▶ [Information provided]
'''
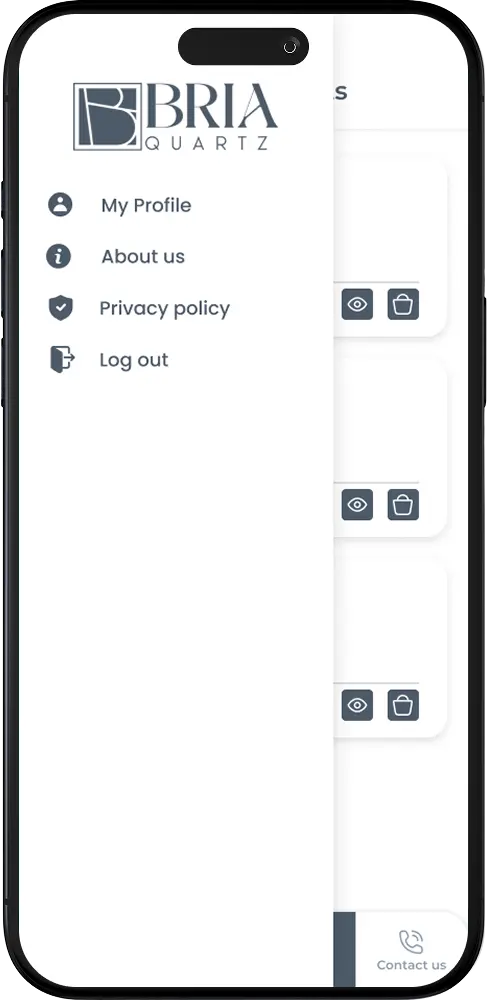 Bria Pattern Lab is a design-and-order app for premium stone waterjet patterns. Users pick an intricate pattern, swap natural-stone fills, preview the result, and submit an order for precision waterjet fabrication—ideal for floor and wall features in high-end interiors.
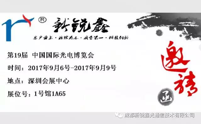 第19屆中國國際光電博覽會(huì)(CIOE2017),新銳鑫光通信誠邀行業(yè)朋友、新老客戶蒞臨我司展位(展位號(hào):1號(hào)館1A65)暢談行業(yè),共謀發(fā)展。
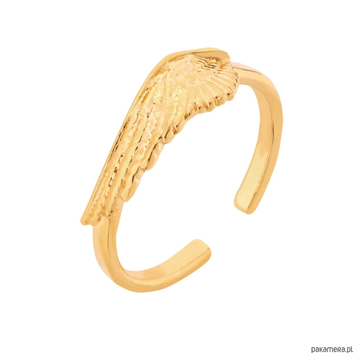 Złoty pierścionek ze skrzydłem. Wszystkie elementy wykonane są ze srebra 925 powlekanego 24 karatowym żółtym złotem.
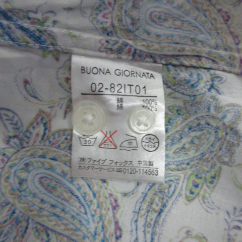 ボナジョルナータ BUONA GIORNATA シャツ ダブルカラー 長袖 コットン ペイズリー柄 ホワイト 白 マルチカラー S レディース
'''
▶ [What is needed] Would you repeat the complete listing exactly, excluding each picture it holds?

▶ [Written reply]
 Bria Pattern Lab is a design-and-order app for premium stone waterjet patterns. Users pick an intricate pattern, swap natural-stone fills, preview the result, and submit an order for precision waterjet fabrication—ideal for floor and wall features in high-end interiors.
 第19屆中國國際光電博覽會(huì)(CIOE2017),新銳鑫光通信誠邀行業(yè)朋友、新老客戶蒞臨我司展位(展位號(hào):1號(hào)館1A65)暢談行業(yè),共謀發(fā)展。
 Złoty pierścionek ze skrzydłem. Wszystkie elementy wykonane są ze srebra 925 powlekanego 24 karatowym żółtym złotem.
 ボナジョルナータ BUONA GIORNATA シャツ ダブルカラー 長袖 コットン ペイズリー柄 ホワイト 白 マルチカラー S レディース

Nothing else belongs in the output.